The fundamental principle of the athlete biological passport is based on the monitoring of selected parameters over time that indirectly reveal the effect of doping, as opposed to the traditional direct detection of doping by analytical means. This concept gained momentum as a result of questions raised during the 2006 Olympic Winter Games surrounding suspensions of athletes by their federations following health checks that reported high hemoglobin levels. An athlete’s passport purports to establish individual baseline hormone/blood levels, which are monitored over time for significant changes. A positive test result would consist of too dramatic a change from the established individual baseline. This solution focused therapy techniques approach is intended to protect athletes from false-positive tests resulting from naturally occurring high levels of endogenous substances, while catching those attempting to cheat by using naturally occurring substances.

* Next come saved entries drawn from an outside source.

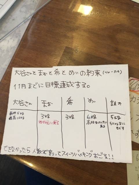 早速グループラインも作り、目標も立てたのでみんなで体重発表
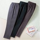 強力ヨコストレッチとウエスト総ゴムではき心地ラクラク。適度にハリのある織物素材がきちんと感を出しながら、のびのびパンツにありがちなムチムチ感を軽減。
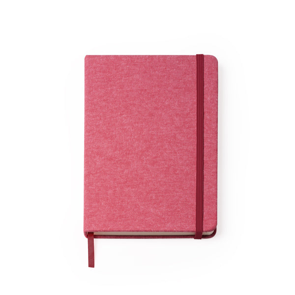 A5 notepad with cotton covers. Page marker and elastic band. 100 plain sheets.
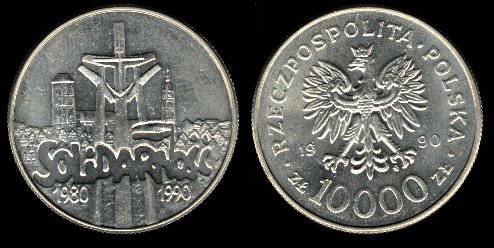 Lenkija 10.000 zlotų 1990,Solidarumas,KMY#195,VF+
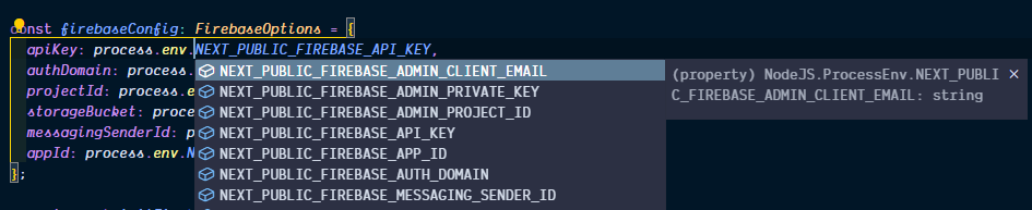 namespace NodeJS { interface ProcessEnv { NEXT_PUBLIC_FIREBASE_API_KEY: string; NEXT_PUBLIC_FIREBASE_AUTH_DOMAIN: string; NEXT_PUBLIC_FIREBASE_PROJECT_ID: string; NEXT_PUBLIC_FIREBASE_STORAGE_BUCKET: string; NEXT_PUBLIC_FIREBASE_MESSAGING_SENDER_ID: string; NEXT_PUBLIC_FIREBASE_APP_ID: string; NEXT_PUBLIC_FIREBASE_VAPIDKEY: string; FIREBASE_ADMIN_PROJECT_ID: string; FIREBASE_ADMIN_CLIENT_EMAIL: string; FIREBASE_ADMIN_PRIVATE_KEY: string; // GOOGLE_APPLICATION_CREDENTIALS: string; } }

By analysing known cases of systematic doping we can see how they employed strategies similar to those outlined in Table 2. The prevalence of doping is unclear, though there is a significant gap between prevalence estimated by researchers and the official testing results. It is difficult to determine the effect anti-doping policies have had on doping prevalence, as there were no baseline prevalence studies before WADA’s founding. However, the discrepancy between the positive test rate and even the lowest prevalence estimates indicate that a large number of athletes who report engaging in doping are not being detected, potentially exacerbating PED-driven inequalities between athletes. In this way, anti-doping policies may mirror the limited effectiveness of recreational drug prohibition in deterring consumption or punishing violations, lessons best illustrated in the case of the United States. Even within a far more circumscribed arena of enforcement – certain types of substance use within specific sporting competitions – it is unlikely doping-free sport (WADA, 2020) will be achieved through a strategy of random or targeted testing and harsh sanctioning.